- Episode no.: Season 28 Episode 21
- Directed by: Matthew Nastuk
- Written by: Jeff Martin
- Production code: WABF14
- Original air date: May 7, 2017

Guest appearances
- Valerie Harper as Mrs. Butterworth; Michael York as Nigel;

Episode features
- Couch gag: The Simpson family's heads are shown as Chia Pets.

Episode chronology
| ← Previous "Looking for Mr. Goodbart" | Next → "Dogtown" |
- The Simpsons season 28

= Moho House =

"Moho House" is the twenty-first and penultimate episode of the twenty-eighth season of the American animated television series The Simpsons, and the 617th episode of the series overall. The episode was directed by Matthew Nastuk and written by Jeff Martin. It aired in the United States on Fox on May 7, 2017 and the United Kingdom on Sky 1 on May 21, 2017. The episode's name is in reference to British members club Soho House.

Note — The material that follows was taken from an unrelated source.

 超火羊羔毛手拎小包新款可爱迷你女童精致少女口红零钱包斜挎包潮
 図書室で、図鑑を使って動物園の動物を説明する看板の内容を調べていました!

In this episode, Mr. Burns' friend Nigel makes a wager that he can break up Homer and Marge. Valerie Harper and Michael York guest starred. The episode received positive reviews.

==Plot==
Homer drunkenly comes home for Sunday dinner, but Marge is too tired to reprimand him. At the power plant, while Homer, Lenny, and Carl discuss Marge’s reaction, Mr. Burns introduces them to Nigel and his wife. Marge visits Homer to say their marriage is in trouble, and Homer vows to do better. Watching Homer and Marge, Nigel bets Burns five million pounds that he can destroy their marriage, and Burns accepts. After work, Nigel invites Homer for a drink and implies that Burns will be mad if he declines. Homer texts Marge with emojis, which she does not understand, and she becomes angry when he is late. At Moe's Tavern, Nigel tempts Homer to see other women, but he declines. Nigel learns that Moe is attracted to Marge. Homer comes home, but Marge is disappointed.

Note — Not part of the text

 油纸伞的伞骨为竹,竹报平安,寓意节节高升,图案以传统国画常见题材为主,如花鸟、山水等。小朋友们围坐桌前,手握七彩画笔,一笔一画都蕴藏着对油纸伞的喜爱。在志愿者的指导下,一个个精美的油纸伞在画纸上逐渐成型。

In the morning, Marge tells Homer to go to a ballgame with Ned. On his way home, Homer notices Moe's is closed. Moe arrives and tells him that he has financial backing to run a new club called MoHo House. Homer and Marge arrive for the grand opening. Nigel raises the stakes, betting his entire fortune against the rights to Smithers, and Burns accepts. Moe charms Marge and dances with her, while Smithers gives Homer a gift to give to Marge to prevent Nigel from winning the bet. Moe runs away when it seems like Marge might be interested in him. Marge wonders why Moe can change but not Homer. A bartender tells her that it is because he is satisfied with the relationship, but she should be worried if he changes because it implies that he is cheating on her. When Homer arrives with the gift, Marge runs away crying.

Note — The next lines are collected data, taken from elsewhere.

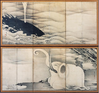 ポスターの渋さからお分かりかもしれませんが、これは若冲の水墨画をメインにした通好みの展覧会でした。当時は本命(「動植綵絵」)を観る前に番外編を見にいくような気分でありましたが、行ってがらりと印象が変わったので今はこの順番で良かったのではないかと思っています。カラフルな色彩の魔術師としての若冲もさることながら、モノトーンの世界で躍動する超絶的な筆さばきはダイレクトに胸に響くようで、さらに魅せられてしまったとでもいいましょうか。例の「象と鯨」に会えたのもこの時が最初です!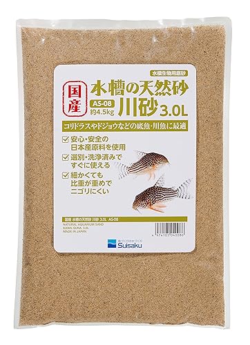 水作の国産川砂は、3.0リットルの容量で、細かい粒目設計によりニゴリにくく、水槽に最適です。天然素材を使用しており、アクアリウムに自然な美しさをもたらします。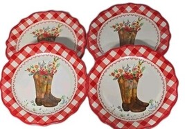 Four (4) Pioneer Woman ~ Gingham Edge w/COWGIRL BOOT ~ 7" Stoneware Plates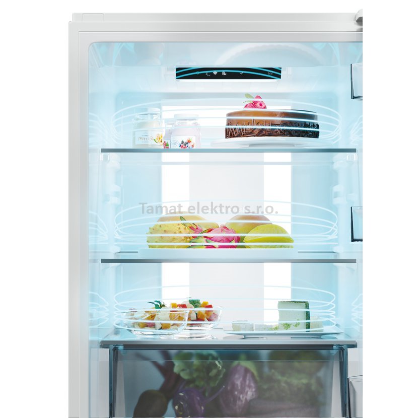 Rovnoměrně rozprostřené LED světlo osvětluje celou zadní stěnu uvnitř chladničky, což umožňuje plnou viditelnost v každém rohu, i když je chladnička plně zásobená. To vám také pomůže snáze a bez námahy najít jídlo a ztrácet tak méně času hledáním toho, co potřebujete. Dokonalá kombinace chytrosti a stylu.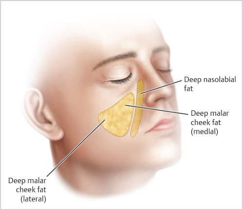 • Three key fat compartments that influence midface volume loss are the nasolabial, deep medial, and deep lateral fat compartments. The deep midfacial fat compartment is medial to the zygomaticus major muscle (Fig. 5.2).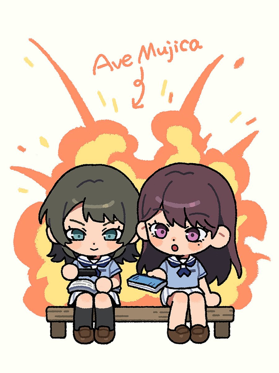 2girls bang_dream! bang_dream!_it's_mygo!!!!! black_hair black_socks blue_neckerchief blue_shirt brown_footwear cellphone chibi chibi_only chinese_commentary closed_mouth commentary_request explosion explosion_background hanasakigawa_school_uniform highres holding holding_phone kneehighs loafers long_hair medium_hair mole mole_under_eye multiple_girls neckerchief open_mouth phone pleated_skirt purple_eyes purple_hair sailor_collar school_uniform serafuku shao_(shaorouhong) shiina_taki shirt shoes short_sleeves skirt smartphone socks taking_picture white_sailor_collar white_skirt yahata_umiri

Later, Moe texts Marge to meet him at the club. Moe invites Homer as well. Moe warns Homer that he will lose Marge if he does not start treating her well. Homer shows Marge a flip book animation he drew of him and Marge and apologizes to her, and she forgives him. Nigel gives Burns a check for winning the bet, but Smithers, seeking revenge, lies that Nigel is a figment of his imagination and that the check is a coupon, leading Burns to tear up the check. To thank him, Nigel kisses Smithers on the lips. Moe returns to his old bar while Burns agrees to a new fairer employee contract with Smithers.

==Cultural references==
Homer's animation ends with a Gracie Films logo. A photo of Moe from 1921 appears near the end of the episode, which is a reference to the film The Shining.

==Reception==
===Viewing figures===
"Moho House" scored a 1.0 rating with a 4 share and was watched by 2.34 million people, making it Fox's highest rated show of the night.

===Critical response===
Dennis Perkins of The A.V. Club gave the episode a B+, stating "Luckily, 'Moho House,' the name of the upscale high-rise bar an eccentric billionaire chum of Burns’ buys for Moe as part of a bet to break up Marge and Homer—well, you can see that plot kicking in right there. But seriously, credited writer Jeff Martin knows this world like the back of his five-fingered hand, having penned some genuine classics in his day. True, his one foray back into the showafter a few decades’ absence didn’t quite reach those heights, but it came close, rooting a Marge-Lisa story in some pretty deep character stuff. Here, it’s the same story (if a different plot), with the storied Homer-Marge dynamic actually feeling like it has some stakes."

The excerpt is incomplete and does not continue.